When 400 1-page files are merged, this creates 401 partitions, but each of 
which needs to be big enough to hold the final 400 pages.  Even worse, the 
merge algorithm needs to keep all files open until the end.

Given this, near the end of the merge, we're actually caching 400 x 1-page 
input files, and 1 x 400-page output file, or 801 pages.

However, with the partitioned cache, we need to declare room for 401  x 
400-pages, or 160,400 pages in total when specifying "maxStorageBytes".  This 
would be a very high number, usually in GIGs.

 

Given the current limitation that we need to keep all the input files open 
until the output file is written (HUGE), we came up with 2 options.  See 
(https://issues.apache.org/jira/browse/PDFBOX-4182)  

 

1.  Good: Split the cache in ½, give ½ to the output file, and segment the 
other ½ across the input files. (Still keeping them open until then end).
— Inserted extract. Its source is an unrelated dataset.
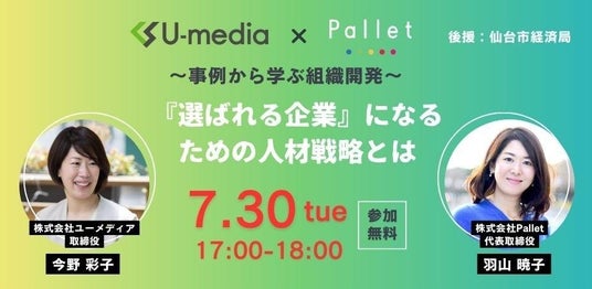 株式会社Pallet(仙台市太白区、代表取締役 羽山 暁子、以下Pallet)と株式会社ユーメディア(仙台市若林区、代表取締役社長 今野 均、以下ユーメディア)は、2024年7月より「東北・人事リデザインプロジェクト」を始動します。
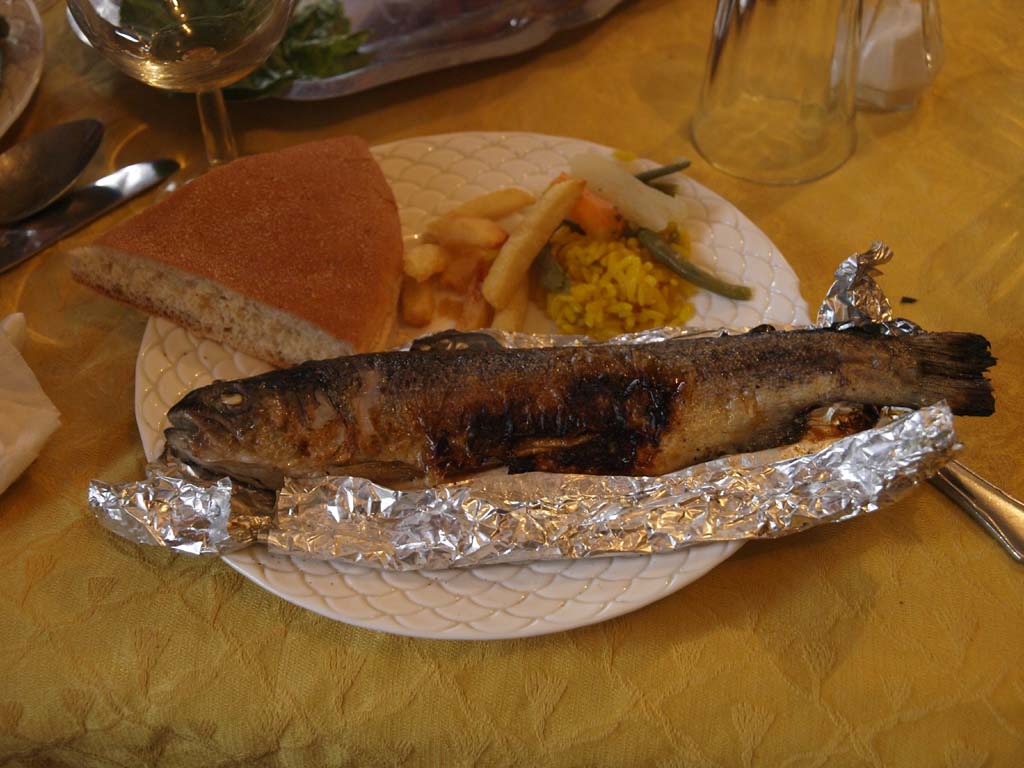 昼食はミデルトという街の、その名もカスバというレストランで淡水魚料理(マス?)のホイル焼きでした。昼食を食べたレストランの近くには化石やさんもありました。途中でも化石やさんを見かけたので、この辺りはたくさん化石が出るようです。中をのぞいたら、おもにアンモナイトや魚の化石でした。

2.  Better: Dynamically allocate in 16 page (64K) chunks from memory or disk on 
demand, release cache as documents are closed after merge.  This is our current 
implementation till PDFBOX-3999 is addressed.

 

We would like to submit our current implementation as a Patch to 2.0.10 and 
3.0.0, unless this is already addressed.

 

 Thank you

  was:
I have been running some tests trying to merge large amounts (2618) of small 
pdf documents, between 100kb and 130kb, into a single large pdf (288.433kb)

Memory consumption seems to be the main limitation.

ScratchFileBuffer seems to consume the majority of the memory usage.

(see screenshot from mat in attachment)

(I would include the hprof in attachment so you can analyze yourselves but it's 
rather large)

Note that it seems impossible to generate a large pdf using a small memory 
footprint.

I personally thought that using MemorySettings with temporary file only would 
allow me to generate arbitrarily large pdf files but it doesn't seem to help.

I've run the mergeDocuments with  memory settings:
 * MemoryUsageSetting.setupMixed(1024L * 1024L, 1024L * 1024L * 1024L * 1024L * 
1024L)

 * MemoryUsageSetting.setupTempFileOnly()

Refactored version completes with *4GB* heap:

with temp file only completes 2618 documents in 1.760 min

*VS*

*8GB* heap:

with temp file only completes 2618 documents in 2.0 min

Heaps of 6gb or less result in OOM. (Didn't try different sizes between 6GB and 
8GB)

 It looks like the loop in the mergeDocuments accumulates PDDocument objects in 
a list which are closed after the merge is completed.

Refactoring the code to close these as they are used, instead of accumulating 
them and closing all at the end, improves memory usage considerably.(although 
doesn't seem to be eliminated completed based on mat analysis.)

Another change I've implemented is to only create the inputstream when the file 
needs to be read and to close it alongside the PDDocument.

(Some inputstreams contain buffers and depending on the size of the buffers and 
or the stream type accumulating all the streams is a potential memory-hog.)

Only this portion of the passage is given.